Records contained in a dataset
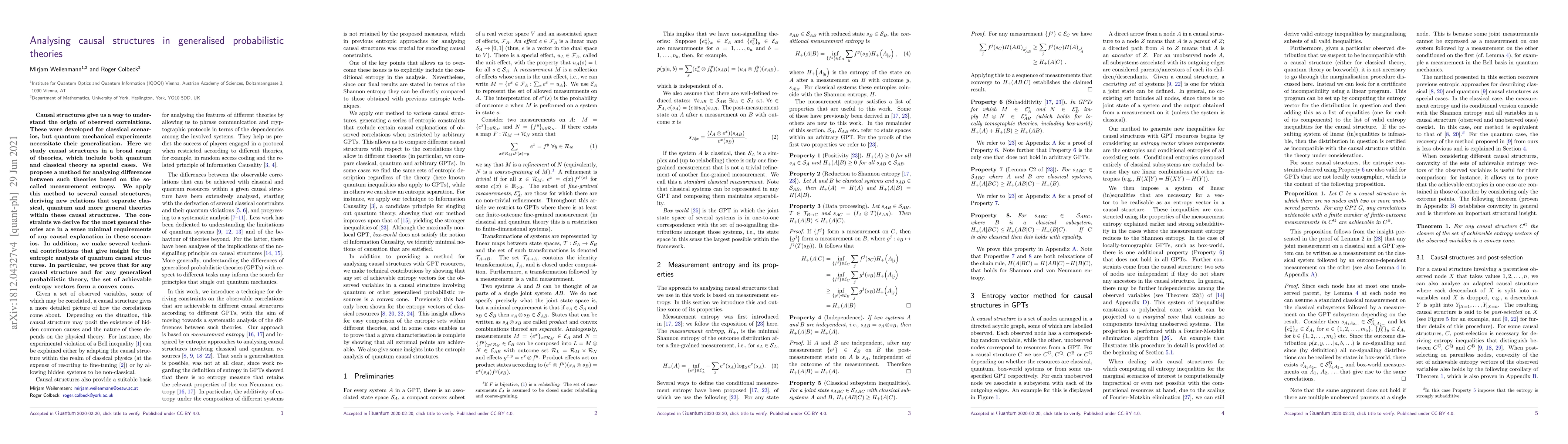 This paper proposes a method for analyzing causal structures in generalised probabilistic theories, including both quantum and classical scenarios, using measurement entropy. It derives new relations that distinguish between these theories and establishes that the set of achievable entropy vectors forms a convex cone, providing minimal constraints for causal explanations.
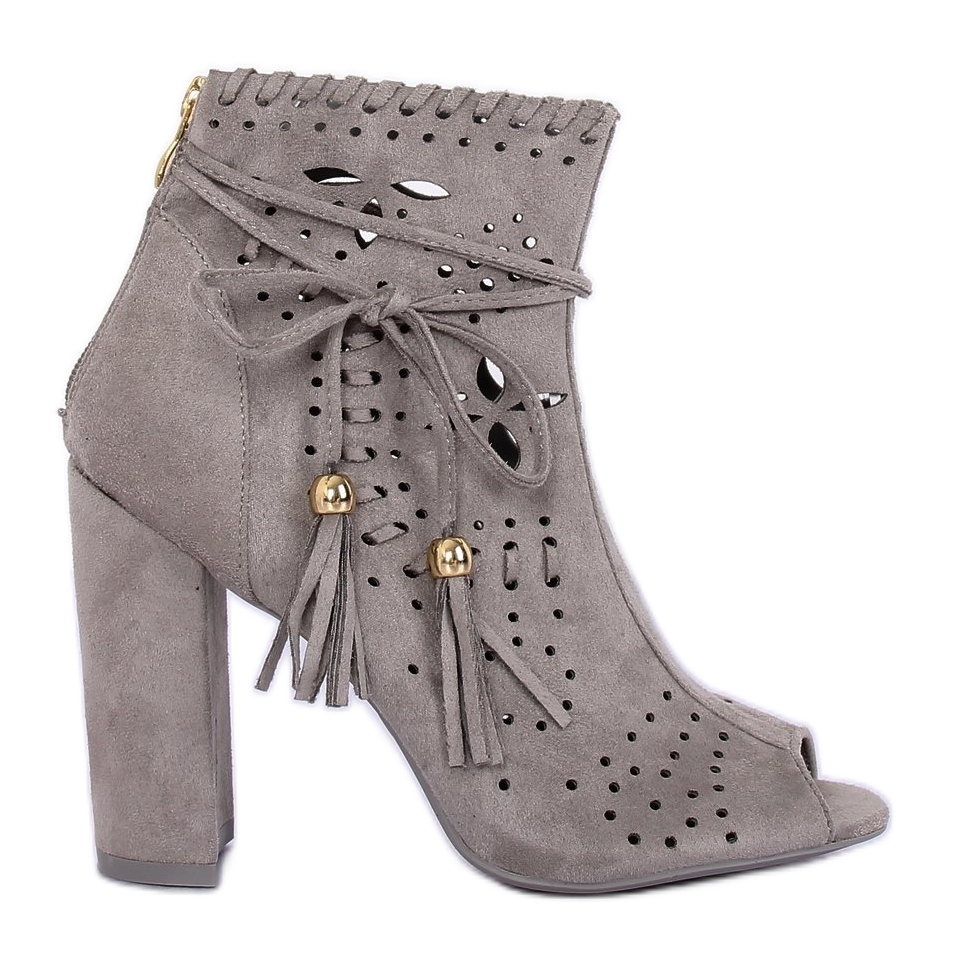 Descubra extraordinários botins abertos num elegante tom de cinzento M285P Grey, que serão um complemento perfeito para o seu guarda-roupa! Estes sapatos femininos fenomenais combinam design moderno e conforto de uso. O corte bem torneado e o salto fino de 11 cm enfatizam as pernas e conferem a cada estilo um caráter feminino.
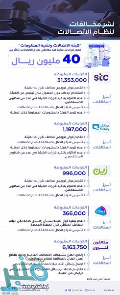 نشرت هيئة الاتصالات وتقنية المعلومات عبر موقعها الإلكتروني مجموعة من القرارات الصادرة عن لجنة النظر في مخالفات نظام الاتصالات، تضمنت عقوبات بغرامات مالية تجاوزت مبلغ 40 مليون ريال ضد عدد من المخالفين لنظام الاتصالات، من بينهم شركة الاتصالات السعودية (STC)، وشركة اتحاد اتصالات (موبايلي)، وشركة الاتصالات المتنقلة السعودية (زين)، وشركة اتحاد جوراء (ليبارا)، بسبب ارتكاب عدة مخالفات لنظام الاتصالات.
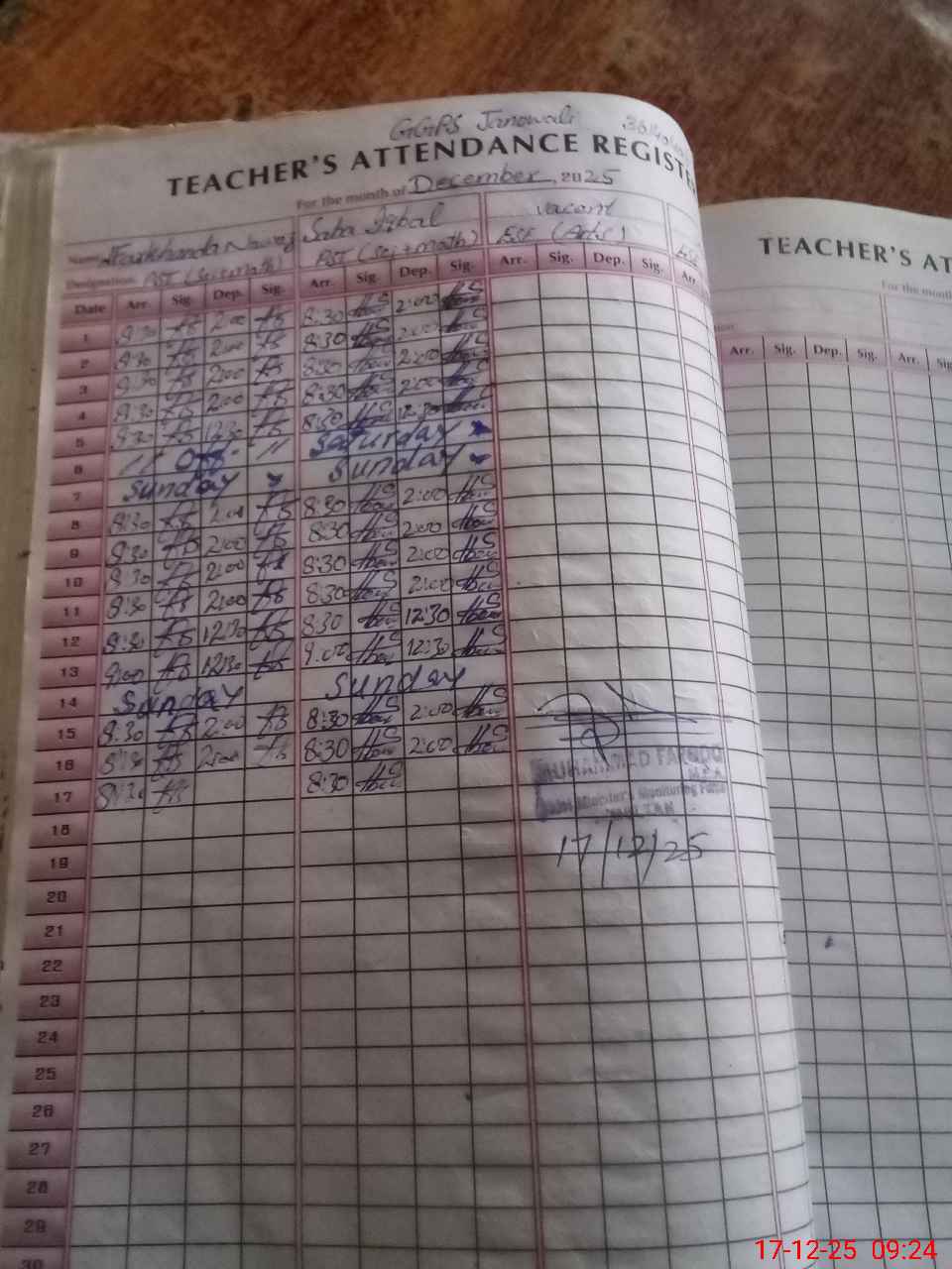 | Monitoring Date: 17-12-2025 | Start Time: 17-12-2025 09:01 AM | End Time: 17-12-2025 09:31 AM | Name of MEA: MU**** FA**** | |
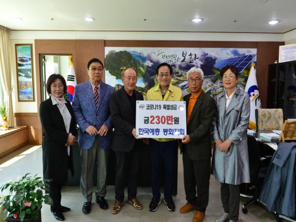 한국예총 봉화지회(회장 정해수)에서 4월 8일 봉화군청을 방문하여 코로나19 극복을 위해 써달라며 특별성금 230만원을 기탁했다.
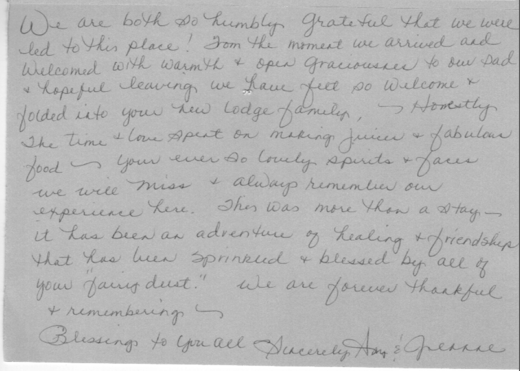Diane S.Both Amy and I feel so much better after having spent time with you all. The energy there was almost always so conducive to healing and health. The very special energy that was present in the lovely food prepared especially by Devon, Annie and Joey was top notch.

### Task brief:
Set down each entry again exactly as written. Pictures stay out.

### Final answer:
 This paper proposes a method for analyzing causal structures in generalised probabilistic theories, including both quantum and classical scenarios, using measurement entropy. It derives new relations that distinguish between these theories and establishes that the set of achievable entropy vectors forms a convex cone, providing minimal constraints for causal explanations.
 Descubra extraordinários botins abertos num elegante tom de cinzento M285P Grey, que serão um complemento perfeito para o seu guarda-roupa! Estes sapatos femininos fenomenais combinam design moderno e conforto de uso. O corte bem torneado e o salto fino de 11 cm enfatizam as pernas e conferem a cada estilo um caráter feminino.
 نشرت هيئة الاتصالات وتقنية المعلومات عبر موقعها الإلكتروني مجموعة من القرارات الصادرة عن لجنة النظر في مخالفات نظام الاتصالات، تضمنت عقوبات بغرامات مالية تجاوزت مبلغ 40 مليون ريال ضد عدد من المخالفين لنظام الاتصالات، من بينهم شركة الاتصالات السعودية (STC)، وشركة اتحاد اتصالات (موبايلي)، وشركة الاتصالات المتنقلة السعودية (زين)، وشركة اتحاد جوراء (ليبارا)، بسبب ارتكاب عدة مخالفات لنظام الاتصالات.
 | Monitoring Date: 17-12-2025 | Start Time: 17-12-2025 09:01 AM | End Time: 17-12-2025 09:31 AM | Name of MEA: MU**** FA**** | |
 한국예총 봉화지회(회장 정해수)에서 4월 8일 봉화군청을 방문하여 코로나19 극복을 위해 써달라며 특별성금 230만원을 기탁했다.
Diane S.Both Amy and I feel so much better after having spent time with you all. The energy there was almost always so conducive to healing and health. The very special energy that was present in the lovely food prepared especially by Devon, Annie and Joey was top notch.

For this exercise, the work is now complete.